When you reach the line that contains "Storm By Mivv" in the data below, start reproducing lines exactly, and stop after the line that contains "2、下載并打開360安全衛士后,選擇木馬查殺模塊==》快速查殺;".

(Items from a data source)
------------------------

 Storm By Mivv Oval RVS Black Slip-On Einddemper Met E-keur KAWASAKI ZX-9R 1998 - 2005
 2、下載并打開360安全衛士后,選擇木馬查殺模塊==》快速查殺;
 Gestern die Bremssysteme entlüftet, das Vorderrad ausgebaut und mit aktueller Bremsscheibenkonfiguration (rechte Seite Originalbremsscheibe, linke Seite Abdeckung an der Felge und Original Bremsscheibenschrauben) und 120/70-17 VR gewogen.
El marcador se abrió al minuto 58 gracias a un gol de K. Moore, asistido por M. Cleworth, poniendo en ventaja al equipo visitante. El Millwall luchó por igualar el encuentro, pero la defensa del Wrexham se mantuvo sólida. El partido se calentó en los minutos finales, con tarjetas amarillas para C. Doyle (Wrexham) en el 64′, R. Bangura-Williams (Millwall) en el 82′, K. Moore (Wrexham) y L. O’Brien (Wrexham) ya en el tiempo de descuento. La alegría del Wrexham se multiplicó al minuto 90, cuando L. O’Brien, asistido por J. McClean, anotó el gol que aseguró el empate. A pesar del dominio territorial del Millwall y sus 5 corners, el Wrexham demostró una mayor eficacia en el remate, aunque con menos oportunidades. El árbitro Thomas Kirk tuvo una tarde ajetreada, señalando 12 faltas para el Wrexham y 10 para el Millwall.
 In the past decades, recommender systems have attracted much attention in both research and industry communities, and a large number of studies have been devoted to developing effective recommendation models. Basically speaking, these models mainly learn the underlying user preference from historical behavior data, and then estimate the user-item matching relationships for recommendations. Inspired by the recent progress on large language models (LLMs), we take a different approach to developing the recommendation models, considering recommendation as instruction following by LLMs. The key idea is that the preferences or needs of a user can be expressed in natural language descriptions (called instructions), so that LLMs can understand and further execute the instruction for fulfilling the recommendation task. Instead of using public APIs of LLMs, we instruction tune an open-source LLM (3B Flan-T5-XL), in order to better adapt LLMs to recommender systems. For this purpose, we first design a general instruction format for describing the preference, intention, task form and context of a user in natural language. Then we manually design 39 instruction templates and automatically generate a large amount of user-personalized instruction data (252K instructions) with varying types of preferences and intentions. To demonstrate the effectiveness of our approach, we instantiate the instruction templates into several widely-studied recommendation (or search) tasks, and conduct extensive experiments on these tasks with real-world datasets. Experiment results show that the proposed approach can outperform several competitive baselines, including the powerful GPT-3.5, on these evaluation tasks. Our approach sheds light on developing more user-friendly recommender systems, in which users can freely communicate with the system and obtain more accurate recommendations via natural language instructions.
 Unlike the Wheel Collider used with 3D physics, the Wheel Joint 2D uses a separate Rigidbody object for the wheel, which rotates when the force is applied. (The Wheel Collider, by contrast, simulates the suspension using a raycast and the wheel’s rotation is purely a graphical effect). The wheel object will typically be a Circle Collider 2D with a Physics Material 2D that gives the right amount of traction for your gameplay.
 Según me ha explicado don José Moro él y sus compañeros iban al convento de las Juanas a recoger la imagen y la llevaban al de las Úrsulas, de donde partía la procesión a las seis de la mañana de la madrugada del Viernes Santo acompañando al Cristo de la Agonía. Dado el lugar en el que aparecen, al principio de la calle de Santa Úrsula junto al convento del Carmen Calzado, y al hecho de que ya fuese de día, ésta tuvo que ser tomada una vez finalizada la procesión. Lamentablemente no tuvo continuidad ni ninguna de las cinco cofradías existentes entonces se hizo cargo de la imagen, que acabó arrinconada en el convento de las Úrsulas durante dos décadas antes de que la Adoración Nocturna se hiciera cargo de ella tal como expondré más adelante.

------------------------

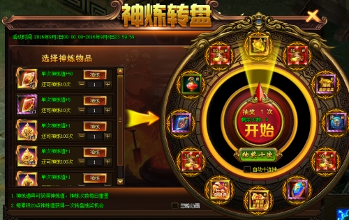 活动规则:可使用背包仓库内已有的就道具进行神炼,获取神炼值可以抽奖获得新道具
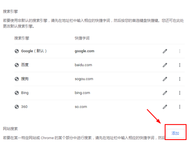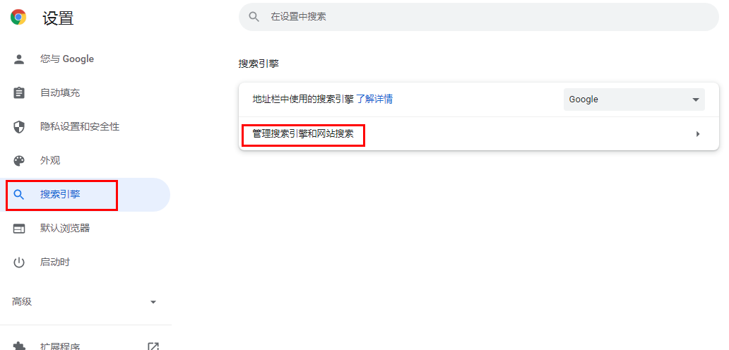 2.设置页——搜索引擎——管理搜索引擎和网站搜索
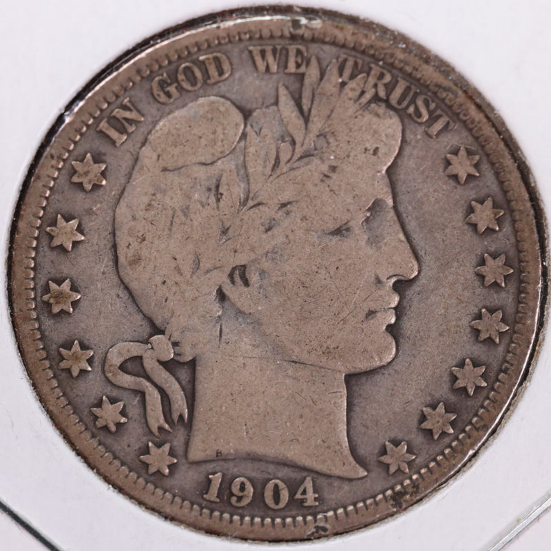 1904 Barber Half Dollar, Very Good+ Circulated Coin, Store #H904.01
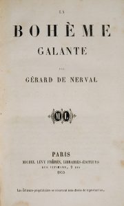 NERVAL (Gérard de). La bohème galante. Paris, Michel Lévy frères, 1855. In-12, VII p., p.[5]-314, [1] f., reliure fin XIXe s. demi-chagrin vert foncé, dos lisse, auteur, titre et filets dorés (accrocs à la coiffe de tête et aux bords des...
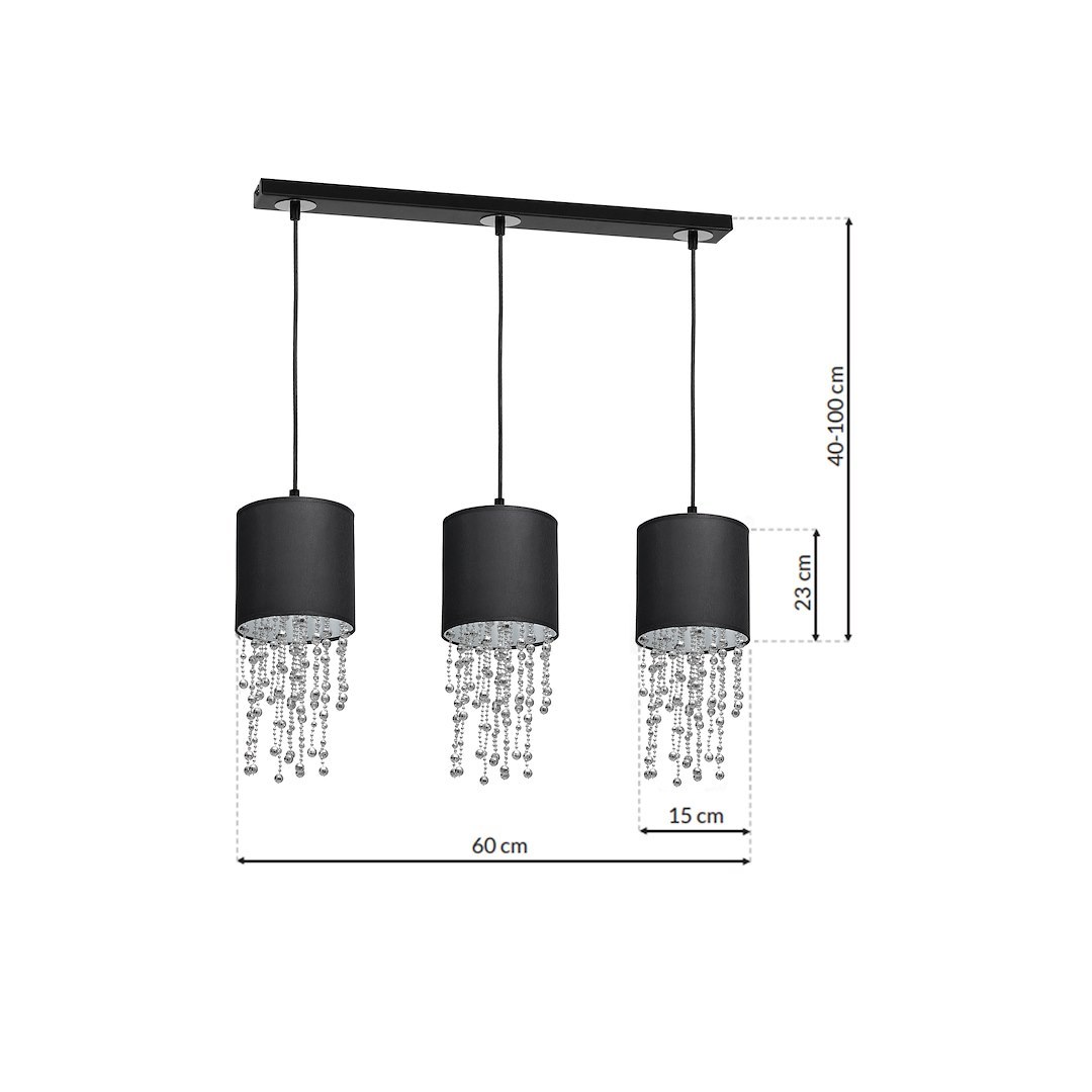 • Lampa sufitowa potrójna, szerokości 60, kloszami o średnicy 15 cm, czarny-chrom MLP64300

------------------------

Task response:
 Storm By Mivv Oval RVS Black Slip-On Einddemper Met E-keur KAWASAKI ZX-9R 1998 - 2005
 2、下載并打開360安全衛士后,選擇木馬查殺模塊==》快速查殺;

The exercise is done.